#### WHAT TO WORK ON
With the pictures left out, copy the records below exactly from the first line down to the line holding "JR利用の従妹と待ち合わせし", and include that line.

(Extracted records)
··········
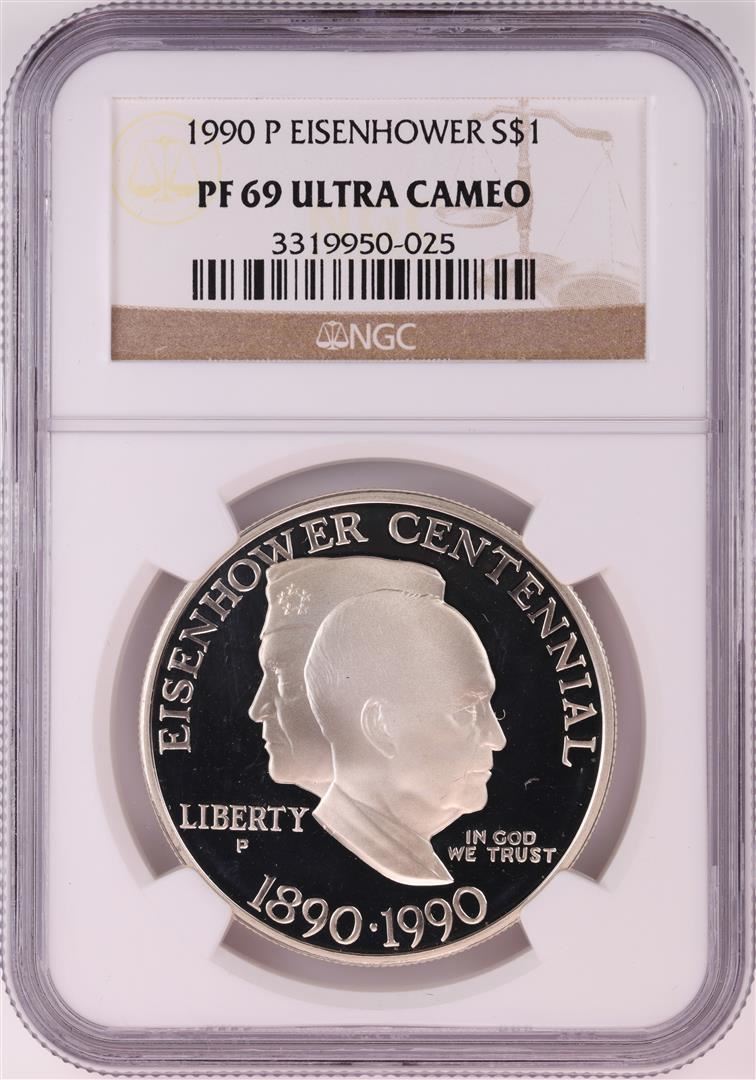 One 1990-P $1 Proof Eisenhower Commemorative Silver Dollar Coin NGC PF69 Ultra Cameo. NGC Certified.
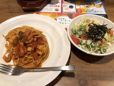 JR利用の従妹と待ち合わせし、一緒に夕食を食べました。小倉駅のデッキと直結しており、大変便利が良いです。お腹の空き具合が違ったので、メニューの多いここを選びました。私はエビトマトスパの小とサラダ、ドリンクバー。彼女はオムライスセットとドリンクバー。それぞれ1200円程度で、美味しくおしゃべりを楽しみました。
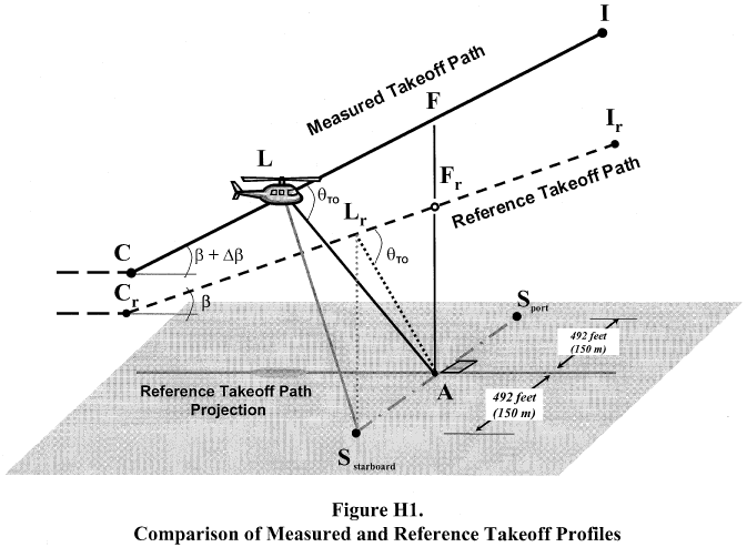 (2) The reference flight path is defined as a straight line segment inclined from the starting point (1,640 feet (500 meters) from the center microphone location and 65 feet (20 meters) above ground level) at a constant climb angle β defined by the certificated best rate of climb and Vy for minimum engine performance. The constant climb angle β is derived from the manufacturer's data (approved by the FAA) to define the flight profile for the reference conditions. The constant climb angle β is drawn through Cr and continues, crossing over station A, to the position corresponding to the end of the type certification takeoff path represented by position Ir.
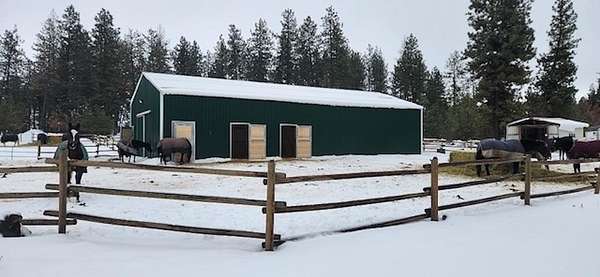 Fabulous Horse Property designed by an equestrian professional for optimum care & convenience! Located 12 miles from downtown Spokane (all highway) & boarders Slavin Park w/600 acres of non-motorized trails. This 20 acre equestrian property offers a blend of functionality & charm. Live in a cozy 2-bdrm, 1.5-bath stick-built home w/room to build your dream home on the adjacent 10acres. Top-tier horse amenities; 60x60 indoor arena, fully matted 9 stall stables on concrete slab(3 dividable foaling size), w/attached paddocks, heated feed/tack room, commercial washer/dryer, spacious hot/cold water wash bay. Partially treed turnout, strategically fenced & cross-fenced, auto-filling heated waterers (plumbing & electrical underground), gutters, french drains, security lights, new transformers & electrical panels for barn and home. This property is ideal for riders, trainers, & horse enthusiasts alike, offering both tranquility & accessibility. Additional 20 acres avail which would make this a total of 40 acres!
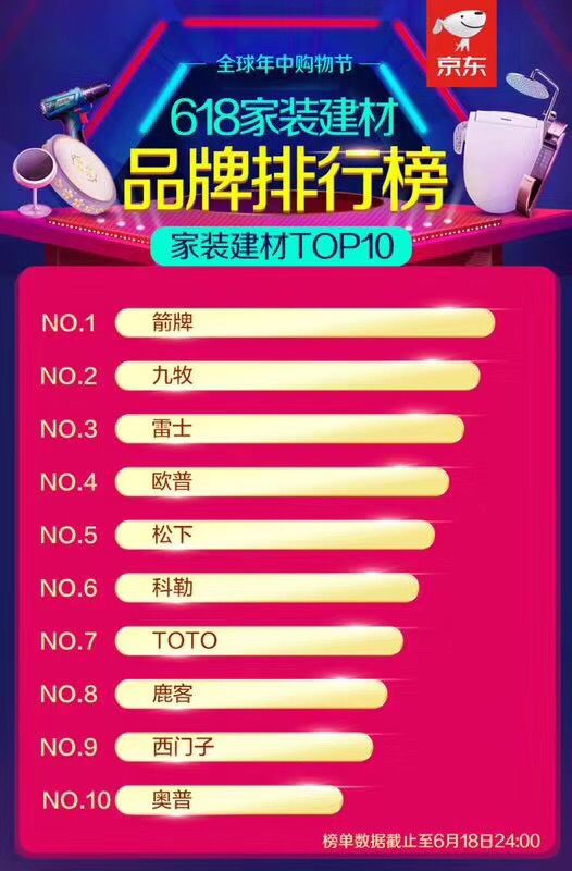 京東618家裝建材品牌排行榜
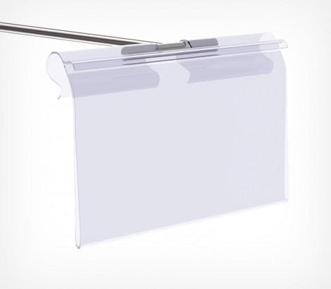 Подвешивается на T-образные одинарные или двойные металлические крючки. При снимании товара с крючка откидывается вверх, затем возвращается в исходное положение. Высота ценникодержателя 39 мм.
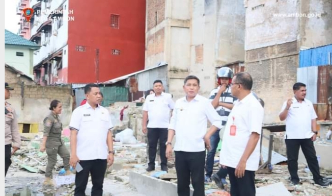 Ambon, Wartamaluku.com – Penjabat Walikota Ambon Bodewin Wattimena, meninjau pembersihan lahan Pasar Gambus yang telah dikosongkan secara sukarela .
··········
#### ANSWER BOX
 One 1990-P $1 Proof Eisenhower Commemorative Silver Dollar Coin NGC PF69 Ultra Cameo. NGC Certified.
 JR利用の従妹と待ち合わせし、一緒に夕食を食べました。小倉駅のデッキと直結しており、大変便利が良いです。お腹の空き具合が違ったので、メニューの多いここを選びました。私はエビトマトスパの小とサラダ、ドリンクバー。彼女はオムライスセットとドリンクバー。それぞれ1200円程度で、美味しくおしゃべりを楽しみました。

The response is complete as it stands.